Implementing different systems in parallel, as suggested by eyerouge, would be brilliant for testing purposes!
I agree, that testing things with the data we have is a good place to go. I think that your model is likely the way to go "down the road" if not right now. The potential issue that I see is that if we use your model with the current stats, there are simply not enough games played for this to be any improvement on the current system. Again, this may or may not be the case, but what I could imagine happening is that (since few people have played even 100 games), ratings in general will be low, and that seems like it would be LESS stable whenever a good, new player joins. That player can play 20 games, win almost all of them, and perhaps shoot up OVER the heads of everyone else. Keeping in mind that player's ranks for those that have played lots of games will be moving slowly. Then such a hotshot newcomer might lose 5 games against top players and plummet down almost equally as fast. This is of course speculation - I haven't run the numbers, but have you considered/dismissed such possibilities?

I also wonder, as I mentioned before about rounding off low K-values causing poor results? If you have only 5 points to play with, won't this encourage preying on weak players, because you always get at least 1 point, and can't really get that many points from anyone?

As you correctly noticed, the change to k-values in the ELO-system that I suggested assumes that scores be kept as floating-point values, even if just integer numbers are displayed. Otherwise, rounding errors are likely to cause distortions.

The rating system I developed (not the k-factor correction) has one interesting property, which none of the other systems have: the order in which games were played has NO influence on the resulting scores. This has quite an influence on the situation you described above: the distortions of other players scores caused by games against provisional players with inaccurate scores correct themselves as more information (=games) about the provisional player becomes available.

An example:
Player A: good player, high but not top score
Player B: entered the ladder recently (~average score), but is an expert player

Player B plays against player A and wins. After that, player B wins many other games and becomes one of the top ranked Players. What would the effects on scores be:

ELO-type systems:
Player A is punished for loosing a game against an opponent with much lower score. The following games by player B have no influence on this

My algorithm:
Player A is punished for loosing a game against an opponent with much lower score. As player B continues to rise in score, the score of Player A is also rehabilitated, since now it becomes obvious that he lost against a pretty strong opponent. I.e. with the new information, it becomes evident that Player B was likely to win the game.

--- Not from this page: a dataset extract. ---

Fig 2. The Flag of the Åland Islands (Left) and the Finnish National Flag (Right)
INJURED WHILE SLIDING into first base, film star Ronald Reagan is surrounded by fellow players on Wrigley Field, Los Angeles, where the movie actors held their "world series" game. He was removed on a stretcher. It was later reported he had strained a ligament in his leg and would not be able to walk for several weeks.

All algorithms, in which the order of games plays a role on the resulting scores, reward games against currently overrated opponents and punish games against currently underrated opponents (as in my example). So picking the right opponents at the right time becomes very important to achieve top scores and DISTORTS the scores of players (i.e. scores reflect tactical picking of opponents AND playstrength, rather than just the later).

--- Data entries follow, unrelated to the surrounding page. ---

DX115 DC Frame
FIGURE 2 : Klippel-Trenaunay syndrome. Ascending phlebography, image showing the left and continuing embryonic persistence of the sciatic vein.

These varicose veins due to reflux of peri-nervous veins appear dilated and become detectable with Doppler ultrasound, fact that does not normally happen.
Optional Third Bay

This effect is much attenuated with my algorithm: even if the opponent was over-/underrated at the time of the game, this will be corrected as more information about that opponent becomes available. For the same reason, the influence of lucky wins/losses should also be reduced.

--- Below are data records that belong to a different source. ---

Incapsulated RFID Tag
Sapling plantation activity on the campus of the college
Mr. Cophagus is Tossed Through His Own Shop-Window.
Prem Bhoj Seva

Would it be possible, to export the current database to a text file? That way I could import it into Matlab and calculate scores for comparison.

Post by **Wintermute** » September 10th, 2008, 6:45 pm

Angry Andersen wrote:As you correctly noticed, the change to k-values in the ELO-system that I suggested assumes that scores be kept as floating-point values, even if just integer numbers are displayed. Otherwise, rounding errors are likely to cause distortions.

Well, other than the obvious joy of having several decimal places tacked onto each rating, I seem to remember some problem with keeping decimals leading to rating deflation? Though I admit that I don't see that anywhere, now that am looking for it - so maybe I just made that up.

Angry Andersen wrote:The rating system I developed (not the k-factor correction) has one interesting property, which none of the other systems have: the order in which games were played has NO influence on the resulting scores. This has quite an influence on the situation you described above: the distortions of other players scores caused by games against provisional players with inaccurate scores correct themselves as more information (=games) about the provisional player becomes available.

An example:
Player A: good player, high but not top score
Player B: entered the ladder recently (~average score), but is an expert player

Player B plays against player A and wins. After that, player B wins many other games and becomes one of the top ranked Players. What would the effects on scores be:

ELO-type systems:
Player A is punished for loosing a game against an opponent with much lower score. The following games by player B have no influence on this

My algorithm:
Player A is punished for loosing a game against an opponent with much lower score. As player B continues to rise in score, the score of Player A is also rehabilitated, since now it becomes obvious that he lost against a pretty strong opponent. I.e. with the new information, it becomes evident that Player B was likely to win the game.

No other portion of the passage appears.